> **EXERCISE BRIEF**:
Your output must consist of the records printed verbatim, with the pictures excluded.

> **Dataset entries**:
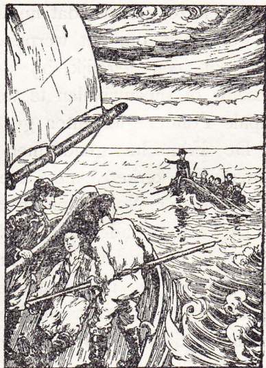
Strijd tusschen smokkelaars en Franschen.
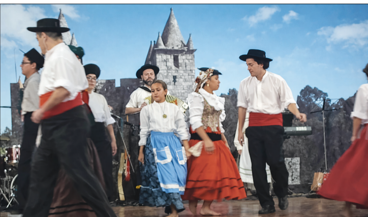
Início do Show R.F.I.J. Danças e Cantares das Terras da Feira encantam e emocionam o público em uma apresentação vibrante de tradição e cultura
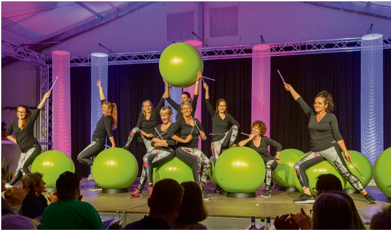
Alt und Jung trafen sich am Jegenstorfer Dorffest. Der TV Jegenstorf begeisterte das Publikum und trug mit seiner Tanzshow zu einem abwechslungsreichen Programm bei.

die Vorgeschlagene durch den Kirchgemeinderat in stiller Wahl als gewählt erklärt (OgR, Art. 86).
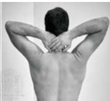
Nackengriff = Er kann sich noch allein anziehen
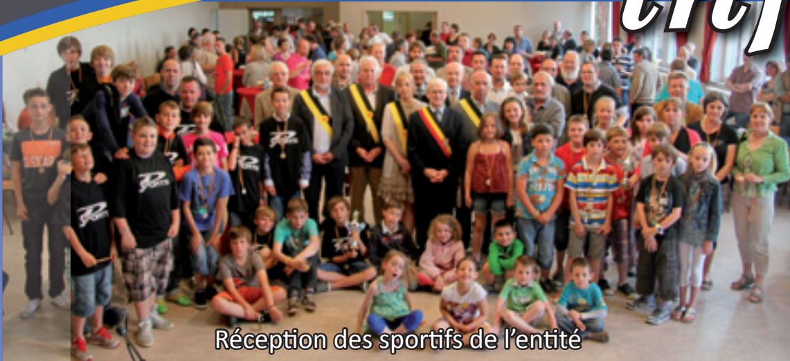
Réception des sportifs de l'entité
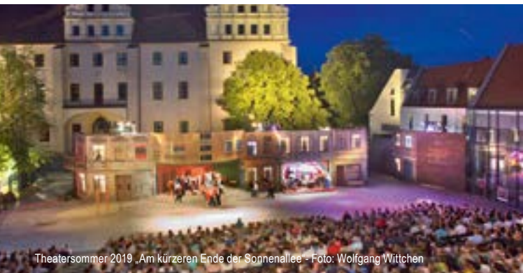
Theatersommer 2019 „Am kürzeren Ende der Sonnenallee“
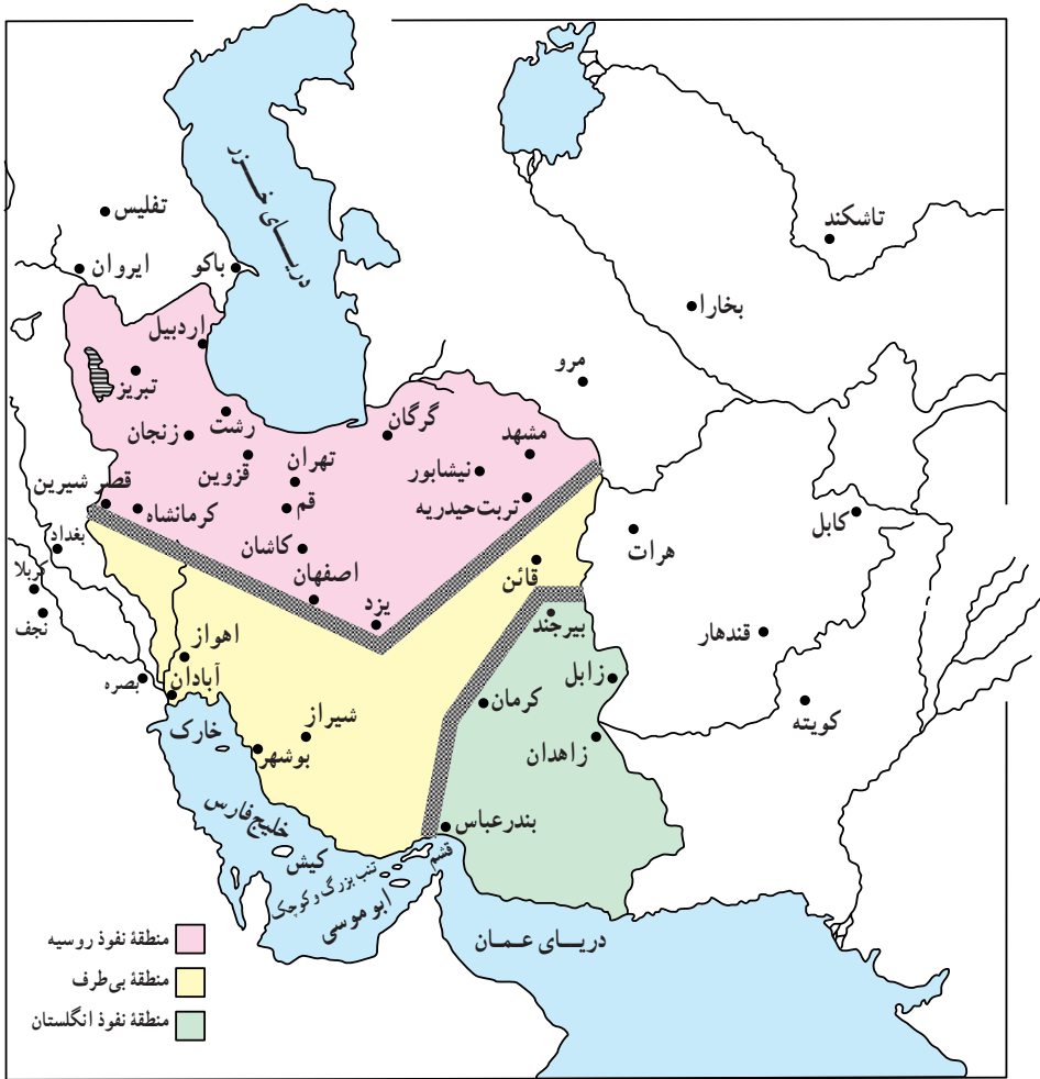
نقشه تقسیم ایران به سه منطقه براساس قرارداد ۱۹۰۷

جنگ جهانی اول: از آنجا که قدرت‌های استعمارگر قدیمی اروپا حاضر نبودند بخشی از مستعمرات خود را به قدرت‌های نوظهور اروپا واگذار کنند، دو طرف در مقابل یکدیگر صف‌آرایی کردند. در یک طرف آلمان، ایتالیا و اتریش – مجارستان قرار داشتند که به اتحاد مثلث یا متحدین معروف شدند و در سوی دیگر انگلستان، روسیه و فرانسه قرار گرفته بودند که به اتفاق مثلث یا متفقین مشهور شدند.
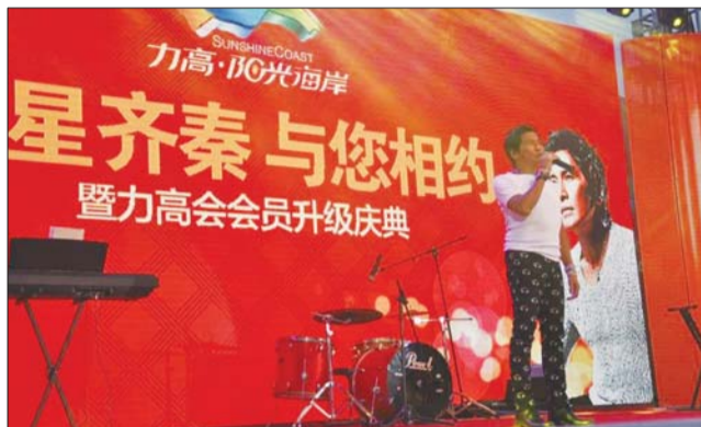
齐秦献唱力高·阳光海岸会员升级庆典
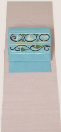
梅と西洋茜の 草木染飯田紬に 色あいが楽しいすくい帯

今回、素敵な色合いの着物に出会えて 本当に良かったです。 これを着て成人式を迎える事がとても楽しみです。
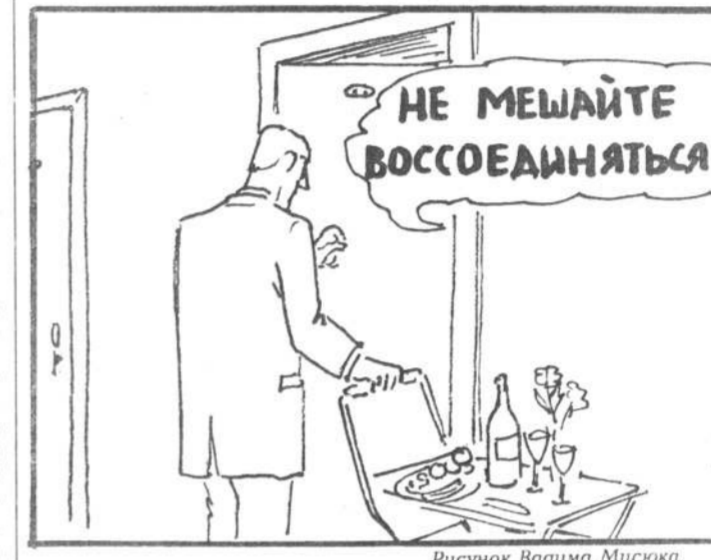
Рисунок Вагима Мисюка.

Исчезновение СССР и поддержка Россией одной из противоборствующих сторон на Корейском полуострове являются, на мой взгляд, главными причинами очередного обострения корейского кризиса как следствия мирового кризиса социализма. Противостояние двух систем — капитализма и социализма — как бы сосредоточилось в одной маленькой Кореи. Одна из ее частей — северная — оказалась в роли социализма и брошенной социализмом. Теперь уже ей ничего не остается, кроме как обратиться за помощью к Китаю. Руководством КНДР такой шаг сделан.
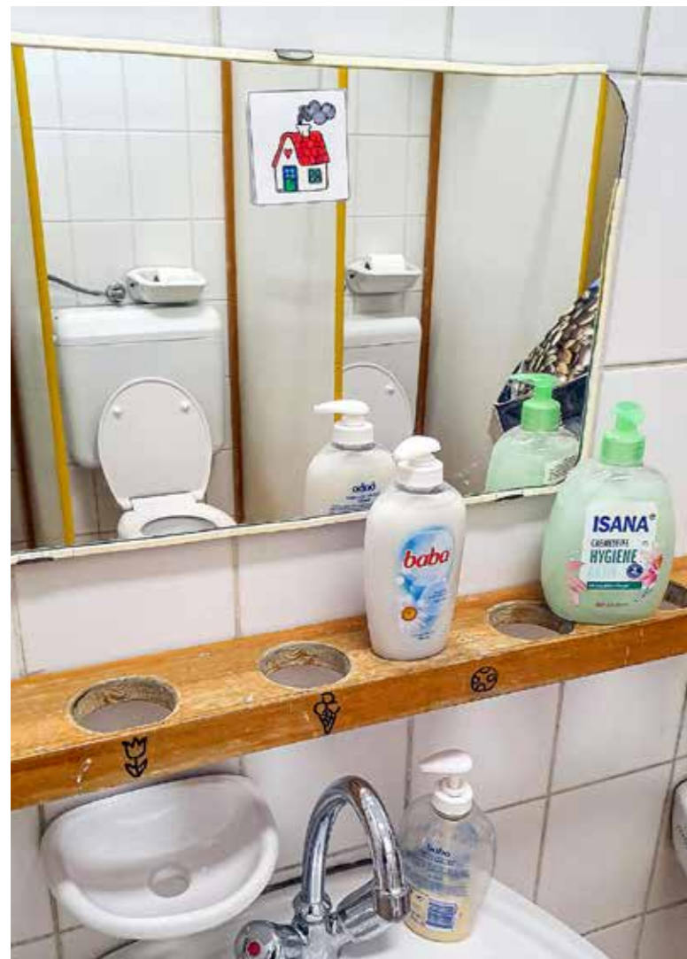
Minden óvodásnak „saját” mosdója és vécéje van

Kispesten az önkormányzat a veszélyhelyzet kihirdetése óta biztosítja az ügyeletet az óvodába és bölcsődebe járó gyerekek részére. Június 2-től valamennyi önkormányzati fenntartású óvoda és bölcsőde nyitva lesz, és – a lapzártakor bejelentett kormánydöntésnek megfelelően – visszatérhet a normális működési rendhez. Az intézményeknek külön igazolás nélkül is fogadniuk kell a gyerekeket, egy intézmény legfeljebb két hétre állhat le nyáron.

> **WORKED SOLUTION**:
Strijd tusschen smokkelaars en Franschen.
Início do Show R.F.I.J. Danças e Cantares das Terras da Feira encantam e emocionam o público em uma apresentação vibrante de tradição e cultura
Alt und Jung trafen sich am Jegenstorfer Dorffest. Der TV Jegenstorf begeisterte das Publikum und trug mit seiner Tanzshow zu einem abwechslungsreichen Programm bei.

die Vorgeschlagene durch den Kirchgemeinderat in stiller Wahl als gewählt erklärt (OgR, Art. 86).
Nackengriff = Er kann sich noch allein anziehen
Réception des sportifs de l'entité
Theatersommer 2019 „Am kürzeren Ende der Sonnenallee“
نقشه تقسیم ایران به سه منطقه براساس قرارداد ۱۹۰۷

جنگ جهانی اول: از آنجا که قدرت‌های استعمارگر قدیمی اروپا حاضر نبودند بخشی از مستعمرات خود را به قدرت‌های نوظهور اروپا واگذار کنند، دو طرف در مقابل یکدیگر صف‌آرایی کردند. در یک طرف آلمان، ایتالیا و اتریش – مجارستان قرار داشتند که به اتحاد مثلث یا متحدین معروف شدند و در سوی دیگر انگلستان، روسیه و فرانسه قرار گرفته بودند که به اتفاق مثلث یا متفقین مشهور شدند.
齐秦献唱力高·阳光海岸会员升级庆典
梅と西洋茜の 草木染飯田紬に 色あいが楽しいすくい帯

今回、素敵な色合いの着物に出会えて 本当に良かったです。 これを着て成人式を迎える事がとても楽しみです。
Рисунок Вагима Мисюка.

Исчезновение СССР и поддержка Россией одной из противоборствующих сторон на Корейском полуострове являются, на мой взгляд, главными причинами очередного обострения корейского кризиса как следствия мирового кризиса социализма. Противостояние двух систем — капитализма и социализма — как бы сосредоточилось в одной маленькой Кореи. Одна из ее частей — северная — оказалась в роли социализма и брошенной социализмом. Теперь уже ей ничего не остается, кроме как обратиться за помощью к Китаю. Руководством КНДР такой шаг сделан.
Minden óvodásnak „saját” mosdója és vécéje van

Kispesten az önkormányzat a veszélyhelyzet kihirdetése óta biztosítja az ügyeletet az óvodába és bölcsődebe járó gyerekek részére. Június 2-től valamennyi önkormányzati fenntartású óvoda és bölcsőde nyitva lesz, és – a lapzártakor bejelentett kormánydöntésnek megfelelően – visszatérhet a normális működési rendhez. Az intézményeknek külön igazolás nélkül is fogadniuk kell a gyerekeket, egy intézmény legfeljebb két hétre állhat le nyáron.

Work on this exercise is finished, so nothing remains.